IRT/DNA - does this mean my son definitely has CF

Printer

Active member
Unknown means exactly that. The Doctor did a test of a small universe, say 39 mutations. He/She found one mutation. As we all know there are almost 2000 mutations. The Doctor doesn't know what the results would be from a full sequencing. A full sequencing could identify a mutation or not identify any additional mutations. At this time, the results of a full sequencing is UNKNOWN. There is no such thing as a NORMAL MUTATION.

Bill
 
T

TJ22

Guest
Sorry I was away. I fell down the stairs and fractured two vertebrae and was hospitalized. They did the sweat test at a CF clinic. The results were 37. They are going to draw blood for full sequencing Monday. It will take up to 3 weeks to get results. He is still gaining weight and his sound clear. I am going to continue to hold onto hope. Thanks for all the info. I will update you on what I find out.
 
M

Murphysmama

Guest
Sending love and light to your family and your precious little one!
 

Ratatosk

Administrator
Staff member
So glad they're going ahead with the sequencing tests. DS was only 2-3 weeks old when he had his sweat test and it was normal. It's difficult to get a good sample with teeny tiny babies. genetic blood testing showed otherwise. hopefully you'll get some answers.
 

Aboveallislove

Super Moderator
Oh my. Like your family needed another stressor. I am so very sorry and pray you recover quickly. One thing I want you to know based on what you have said: If your son has CF, it is most likely a mutation which can benefit from Kalydeco because of the very low SC test and so far seemingly pancreatic sufficient. And right now Vertex is testing Kalydeco on 2 - 5 year olds so by the time your little one is 2 (maybe even before), he will be able to have Kalydeco which fixes the underlying defect for a few lucky ones--4% now but likely 15% approved in a year). And because he is so young he is likely to have clear lungs and no damage when he started the drugs. Hang in there. Hugs and prayers,
Love
 
T

TJ22

Guest
Had my follow up today. Sample was sent to Mayo clinic and bidirectional sequence analysis was performed for the presence of mutations in all coding regions and intron/exon boundaries of the cftr gene. The results were heterozygous deletion exon 10 deltf508. intron 8 polyt alleles 7t/9t. Now I am not entirely sure what this means as I am only seeing one mutation listed. I expected to see something about the second mutation.

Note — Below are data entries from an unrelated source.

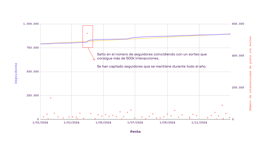 Relaciona los cambios de métricas con acciones específicas (sorteos, lanzamientos, cambios en la frecuencia de publicación) y evalúa su impacto a lo largo del tiempo.
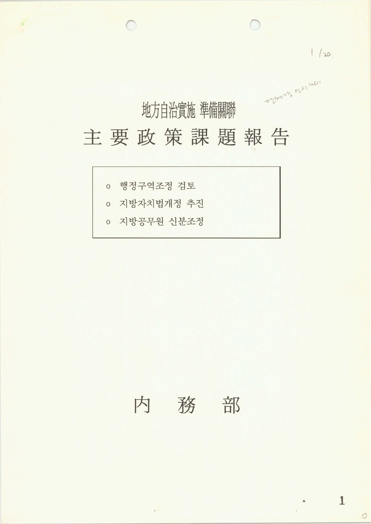 | 154 | 일반기록물 | 지방자치 실시 준비 관련 주요 정책 과제 보고 | 행정자치부 | 1994 |
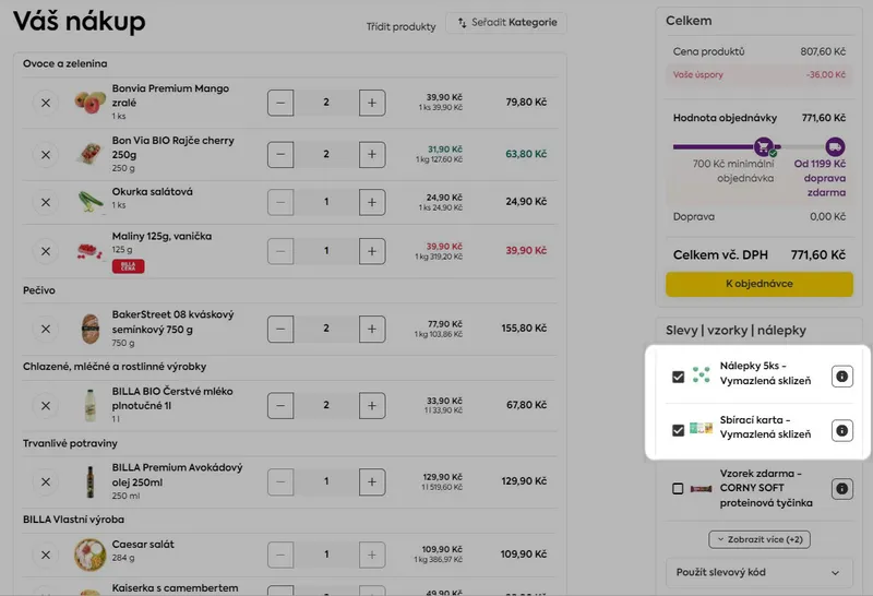 Za každý nákup v e-shopu BILLA získáte 5 nálepek, stačí je zakliknout v košíku.

That being said with todays sweat test of 17 and the results from the mayo clinic results, she said she is confident he doesnt have CF. I will need to repeat the sweat test at 6 months because like the first sweat test they were only able to get a big enough sample from one arm and they need both samples to release him from care. Had they got two samples today he would be released.

I am going to take this result to mean he doesnt have it. If something were to change at 6 month test I will deal with it then.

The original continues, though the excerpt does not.